Museum Hall

 

The work of Pedro Peña Gil (Jaén, 1978) frequently encounters the history of art or, rather, the history of artistic images. After all, this event has been a continuous story asking about representation, the construction of the image (appearances), becoming in turn the story itself the canonical history of art, that "immobile with great strides", as Valéry said of Zenon's "Achilles". It is not exactly a narration of revealed clarity, but rather a startled encounter of images with painting, like someone who decides to embark on a journey in search of knowledge.
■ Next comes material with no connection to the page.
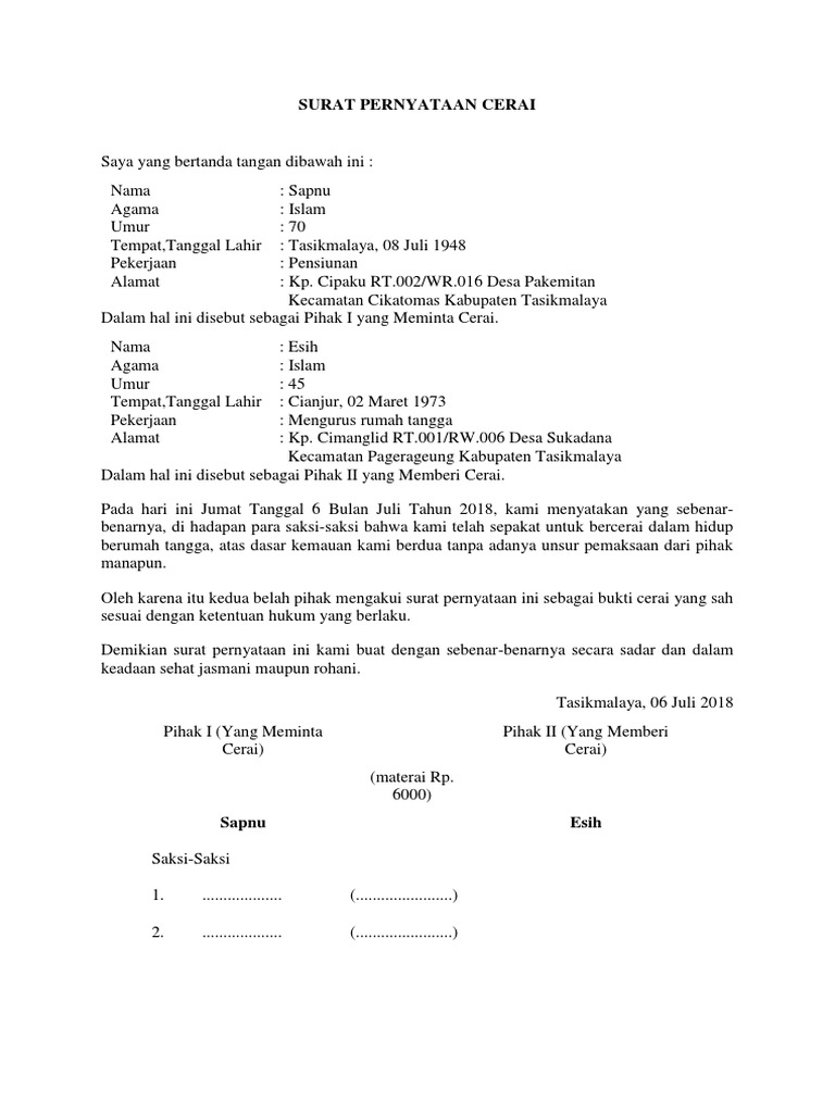 Academiaedu is a platform for academics to share research papers. Ada banyak alasan yang mengharuskan sepasang suami istri untuk bercerai dan berpisah tergantung dari permasalahan keluarga masing masing. Nama surat seperti pada surat pernyataan lain pada umumnya hal pertama yang harus dicantumkan adalah nama surat itu sendiri. Surat pernyataan cerai merupakan sebuah surat pernyataan yang dibuat oleh pasangan suami istri yang berisi tentang pernyataan bahwa kedua belah pihak suami dan istri telah sepakat untuk memutuskan berpisah atau bercerai. Contoh surat pernyataan cerai pada umumnya tidak ada orang yang menginginkan perceraian namun pada kenyatannya masih sering terjadi kasus perceraian dimana mana. Mbamau tanya apakah surat perjanjian perceraian ini dpt dipatahkan atau dibatalkan pd saat sidang cerai nanti walaupun sdh di ttdtgn d atas materai dan ada saksi2nyacontohnyamisal dlm surat perjanjian itu kami sdh sepakat bhwa pengasuhan anak ada di saya ibunyatp tiba2 dlm persidangan tnyata suami menuntut hak asuh anaknah apakah surat perjanjian itu bs saya jadikan senjata dipersidangan.

Encountered with the museum, the public sculpture or the great monument, Peña points out how "each work recalls and celebrates the attitude of those men who revolutionized the way of seeing the world forever and how their works have stabilized in places where light once again acquires an extraordinary symbolism
. They took as their goal to search for light, the same light that bewitches us and reveals the world bathing it in colors before our eyes (...) to pay homage to the disposition that really moves us and gives meaning to existence, the capacity of astonishment that will continue to fill our experience with light and color". In this aspect of spilling translucent colors on the images, some of his creations have reminded me of Max Ernst's frottage, Dominguez's decalcomanies or Tharrats' maculatures. This is a frequent reinvention of
questions that thus, ad infinitun, in such tension, seem to create proposals of new meanings. Is it not known, since Warburg, that to refer now to images is to mention their transformations, impulses, displacements, experimentations?


Alfonso de la Torre. Theorist and art critic, specialist in contemporary Spanish art.